English squash player

Donald Butcher was an English squash player, and the first player to win the British Open men's title in open play.

== Career ==
Butcher was a professional squash player based at the Conservative Club in London when he played in the first British Open final in December 1930. His opponent Charles Read, a former English professional champion, was designated open champion at the initiation of the event, which was a 'challenge' event without any preliminary rounds, with the final played under a best-of-three-legs format. Butcher defeated Read in the first match at the Queen's Club 9–6, 9–5, 9–5. He then won the second match at the Conservative Club 9–3, 9–5, 9–3 to claim the title and make the third match unnecessary.

In 1932, Butcher successfully defended his title against Charles Arnold, winning the first match at the Conservative Club 9–0, 9–0, 9–0, and the second match at the Bath Club 9–3, 9–0, 9–5.

Butcher was unsuccessful in his defence of the Championship in 1933 against Egyptian player F.D. Amr Bey and similarly unsuccessful in his challenge against Amr in 1935.

Butcher also won the British Professional Championship in 1930, 1931 and 1932.

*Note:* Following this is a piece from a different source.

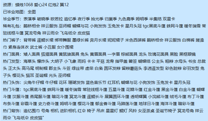 稀有礼包:鹊桥相会 祥云服饰 巫师帽 蝴蝶与花 小狗发饰 玉兔发卡 星月头冠 tgc黑底斗篷 蛛网斗

Butcher was considered a very innovative player in his time. He deviated from the conventional up-and-down-the-wall style adopted by most players in his era, making full use of boasts (shots that come off a side wall before hitting the front wall), lobs, drop shots and reverse angles, as well as cultivating the serve. His lack of stamina during long matches was considered to be one of his main weaknesses, however, and this gave the athletic Amr Bey a key advantage over Butcher on the occasions they played.

He was the first person to make an instructional squash video, which was filmed on the doubles court of St. John's Wood in 1938.